Disorder contents in metabolic and non-metabolic pathways and proteins are presented in Fig. 1. As shown in this figure, proteins in non-metabolic pathways are much more disordered than in metabolic pathways (Wilcoxon rank test p-value ≪0.01). Namely, metabolic pathways contain on average 9.7% disorder while non-metabolic pathways contain on average 28.3% disorder in their nodes. According to the previous estimates using the same disorder prediction algorithm, the human proteome contains 21.6% disorder on average.2 Nearly all proteins in metabolic pathways are enzymes, explaining their highly structured nature. Only ~2% of the proteins lack enzyme classification codes and many of these, on inspection, are in fact cytochrome C oxidase assembly proteins, or biosynthesis proteins. Nevertheless, 8.6% of metabolic proteins contain over 30% disorder (see Fig. 1). Among the most highly disordered enzymes are disease-related proteins (myeloid/lymphoid leukemia protein, Wolf-Hirschhorn syndrome), methyltransferases, polymerases, kinases, and receptor-binding proteins, consistent with our previous study which identified certain unstructured enzymes and their complexes.17 Many more enzymes with low disorder content are also disease associated.36
Fig 1.
Distributions of disorder content among pathways (a) and proteins (b) for metabolic and non-metabolic pathways.

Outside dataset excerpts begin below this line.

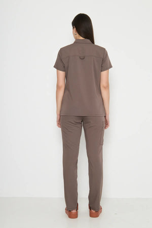 Polo Yaka Kahverengi Kadın Medikal Üniforma Scrubs
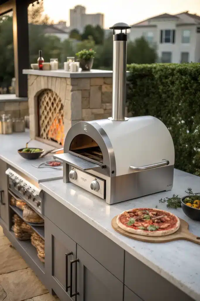 A wood-fired pizza oven adds fun and flair to an outdoor kitchen. It’s perfect for casual gatherings and creates a rustic focal point.
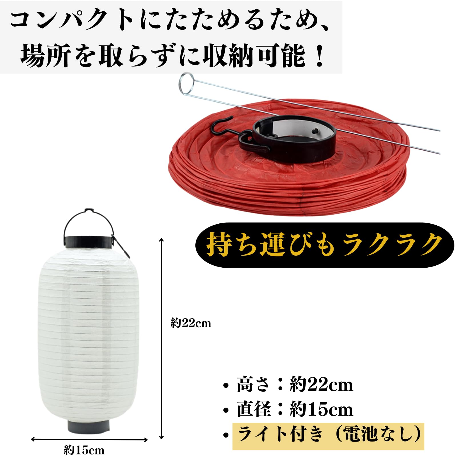 Quikaboo 提灯 ちょうちん 赤 白 和風 ランタン 折りたたみ式 赤ちょうちん ミニ提灯 ledライト付き 屋台 電池別売り (白)
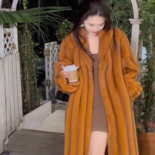 大南瓜挽袖 魔王同款 仿貂毛全抽刀皮毛一体轻奢外套女 琥珀流金
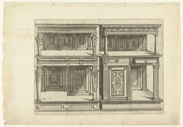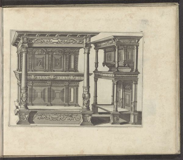 Pieter van der Borcht I created this sketch, "Twee buffetten," or "Two Buffets" in English, sometime between 1545 and 1608. During the 16th century, the Netherlands was a hub of artistic innovation, deeply influenced by the Renaissance and the Reformation. Van der Borcht's detailed sketch gives us insight into the era’s material culture, specifically the design of furniture for the wealthy. Consider the elaborate details and symmetry of the buffets. These weren't just functional pieces, but symbols of status. In a time when sumptuary laws often dictated what people could wear or own based on their social standing, owning such a piece of furniture would have been a clear marker of wealth and power. The design also reflects the cultural values of the time, where displays of wealth and orderliness were highly prized. Van der Borcht’s sketch offers a glimpse into how the elite lived, showcasing their commitment to both luxury and the aesthetic principles of the Renaissance. It makes you wonder, what kind of gatherings would have taken place around these buffets, and who was excluded from these displays of opulence?
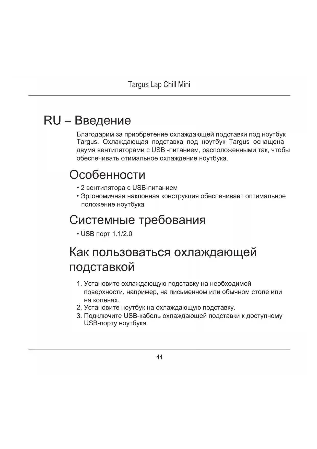 RU – Введение Благодарим за приобретение охлаждающей подставки под ноутбук Targus. Охлаждающая подставка под ноутбук Targus оснащена двумя вентиляторами с USB -питанием, расположенными так, чтобы обеспечивать отимальное охлаждение ноутбука. Особенности
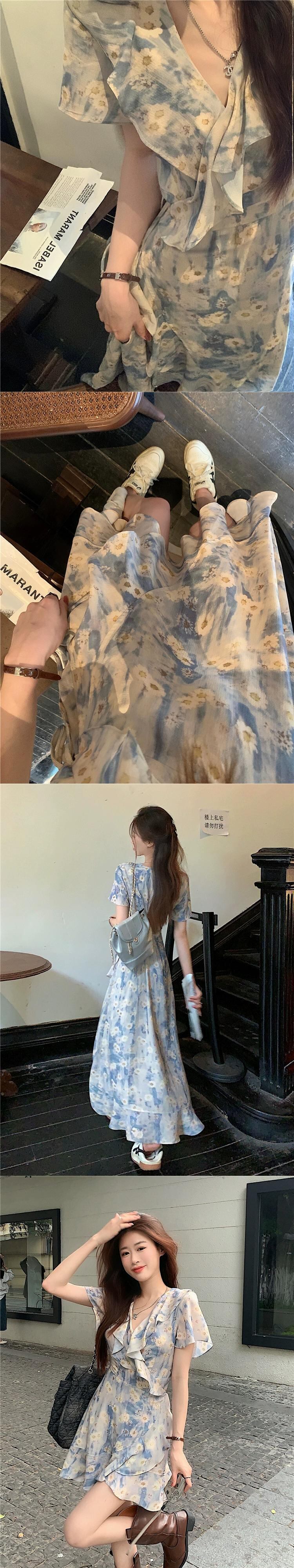 半袖花柄ドレスレディース 2023 夏の新しいニッチデザインフレンチ優しいフリル V ネックロングスカート サマー 夏物 Vネック 8571635691133689
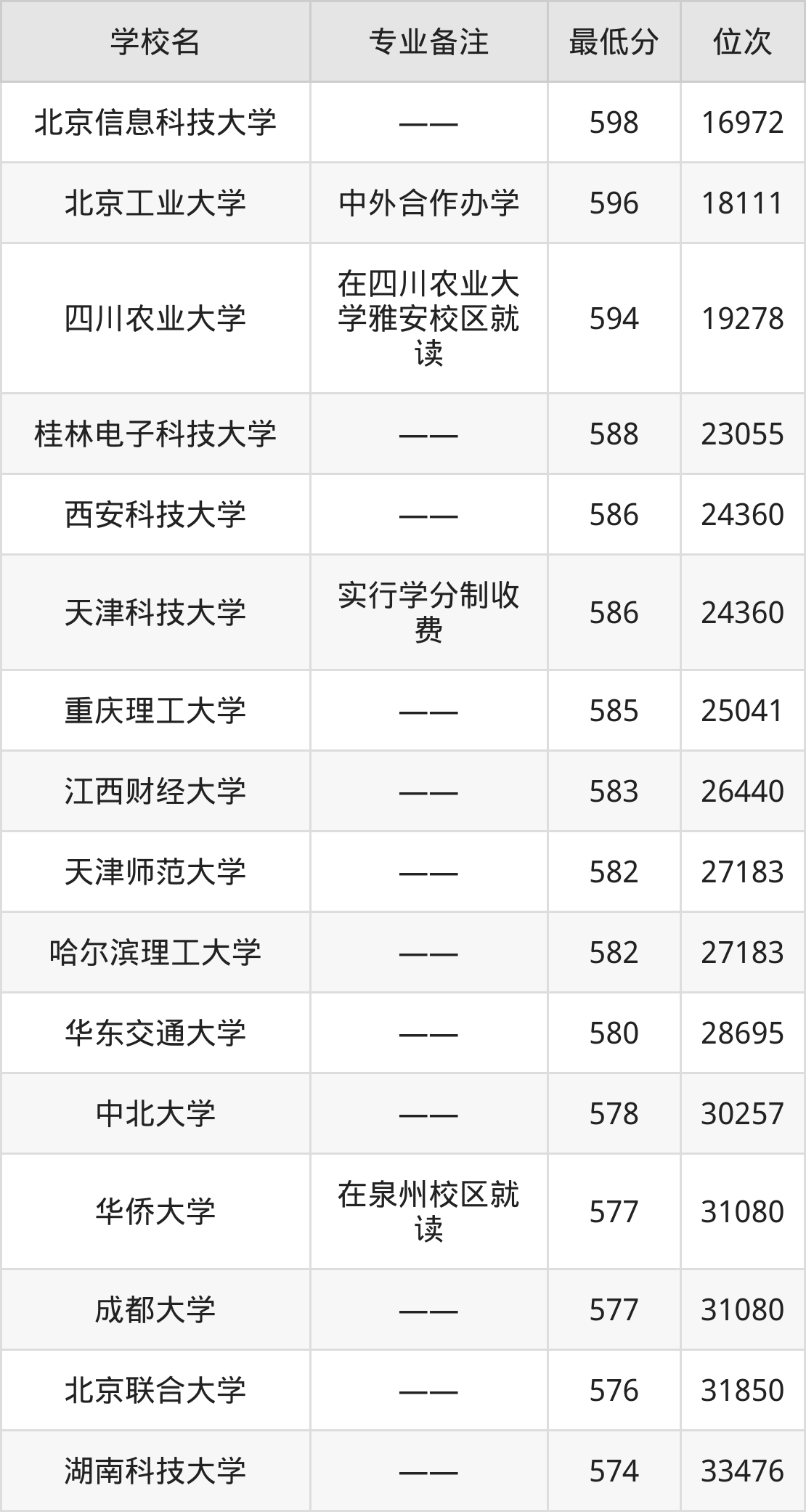 | 北京信息科技大学 | —— | 物理+化学 |

Next, we checked individual pathways in terms of their disorder content. The pathways with highest disorder content are shown in Fig. 2 and all pathways are presented in Table S1 (ESI‡). Since the most disordered metabolic pathway has less average disorder content than the average non-metabolic pathway, we compared metabolic pathways to one another and non-metabolic pathways to one another to assess statistical significance of disorder enrichment. We identified a number of pathways for which interactions mediated by IDRs are widespread, spanning a spectrum of classifications from the KEGG pathway hierarchy. This list presented in Fig. 2 underscores the association between intrinsic disorder and human diseases such as diabetes, cancer, cardiovascular diseases and lupus. Previously, functional keyword analysis also showed that intrinsic disorder is associated with certain diseases.37 Among metabolic pathways, “Oxidative phosphorylation” and “Glycosaminoglycan biosynthesis” related pathways contain nodes and proteins significantly enriched with disorder (Fig. 2a). As can be seen from Fig. 2b, the non-metabolic pathway containing the most disorder is “Maturity onset diabetes of the young” (hsa04950) which includes on average 60% disordered proteins. Close examination of these proteins revealed that almost all of them are transcription factors with more than 80% disorder. Interestingly, the second most disorder-containing pathway, “SNARE interactions in vesicular transport” (hsa04130), involves SNARE proteins, which assemble into a four-helix, coiled-coil bundle in order to trigger the fusion of synaptic vesicles with the plasma membrane.38,39 Coupled disorder-to-order transition through coiled-coil formation and binding domain activation has been well characterized, in particular for DNA-binding domains such as the canonical GCN4 leucine zipper.12,40 Moreover we found that pathways directly related to gene expression and signal transduction are enriched with disordered proteins as well and the most prominent signal, as will be shown later, comes from transcription factors and proteins involved in transcription regulation (Fig. 2b).
Fig 2.
Bar plot showing an average disorder content in nodes and proteins for the top disorder containing metabolic (a) and non-metabolic pathways (b). Those pathways significantly enriched with disorder according to Fisher’s exact test with Holm–Bonferroni correction for multiple testing are shown by asterisks.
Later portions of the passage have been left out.